An insect on the evolutionary fast track
April 10, 2011 - 0:0
It appears to be a case of high-speed evolution. Many arthropods — the large group of invertebrates that includes insects and crustaceans — are hosts of symbiotic bacteria inherited through the maternal line. The sweet potato whitefly, an agricultural pest, has acquired a new one.

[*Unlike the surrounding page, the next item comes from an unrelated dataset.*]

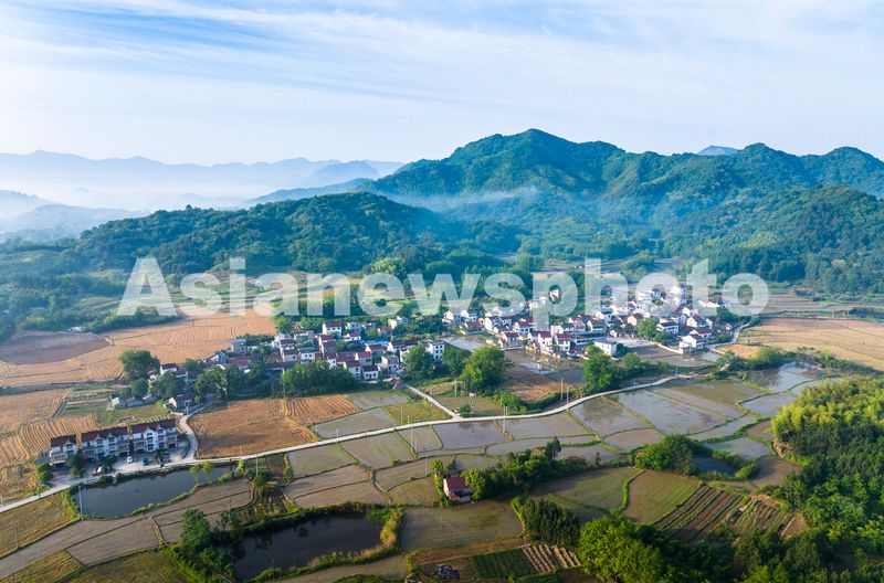图片说明:2025年5月19日,安徽省芜湖市繁昌区孙村镇赤沙社区,错落有致的民居与青山、田野、道路、晨雾等相互映衬,构成一幅生态优美的田园画卷。

Over a six-year period, a bacterium from the genus Rickettsia swept through the whitefly population, assuring survival advantages for the whiteflies and for itself. The new research appears in the April 8 issue of Science.“Whiteflies that have this infection have greater fitness, at least in the laboratory,” said the senior author of the study, Martha S. Hunter, a professor of entomology at the University of Arizona. “We’ll be testing whether this fitness benefit exists in the field as well.”
Compared with uninfected whiteflies, infected insects develop faster, are more likely to survive to adulthood and lay more eggs. Moreover, the bacterium induces the insects to produce a larger number of daughters, advantageous for a bacterium that is passed to the next generation only by the females.

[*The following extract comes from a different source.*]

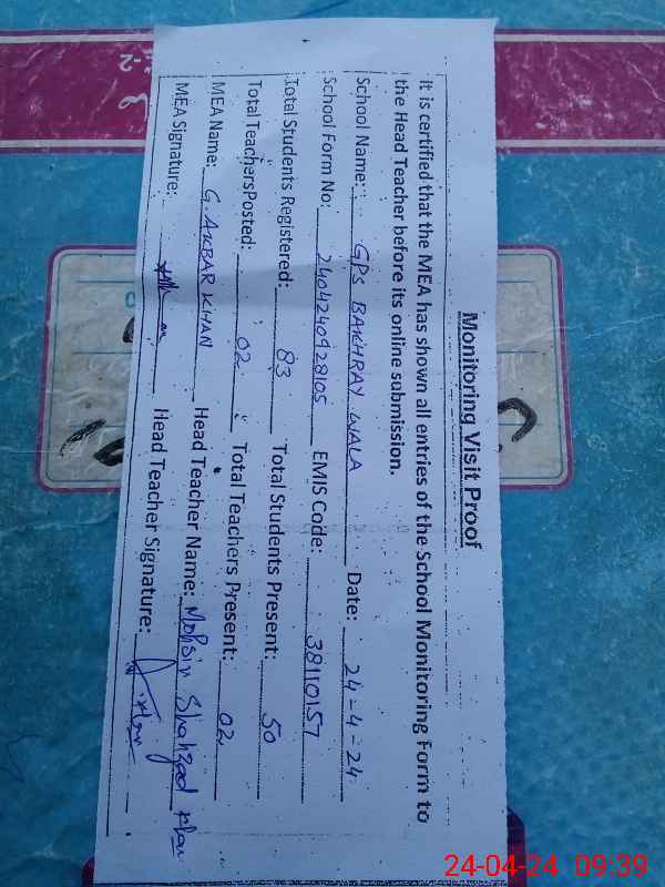 | EMIS Code: 38110157 | Name of School: GPS BAKHRRAY WALA | |||

Infected sweet potato whiteflies now flourish across the Southwest. As of 2008, 94 percent of whiteflies were infected, compared with 1 percent in 2000.
“This study shows that acquiring a bacterial symbiont can fundamentally change the biology of an insect, really instantaneously,” Dr. Hunter said. “And what results is really a different animal than what was there before. This is something we want to know about for pest management. We want to know whether a bacterium can make an insect a worse pest.”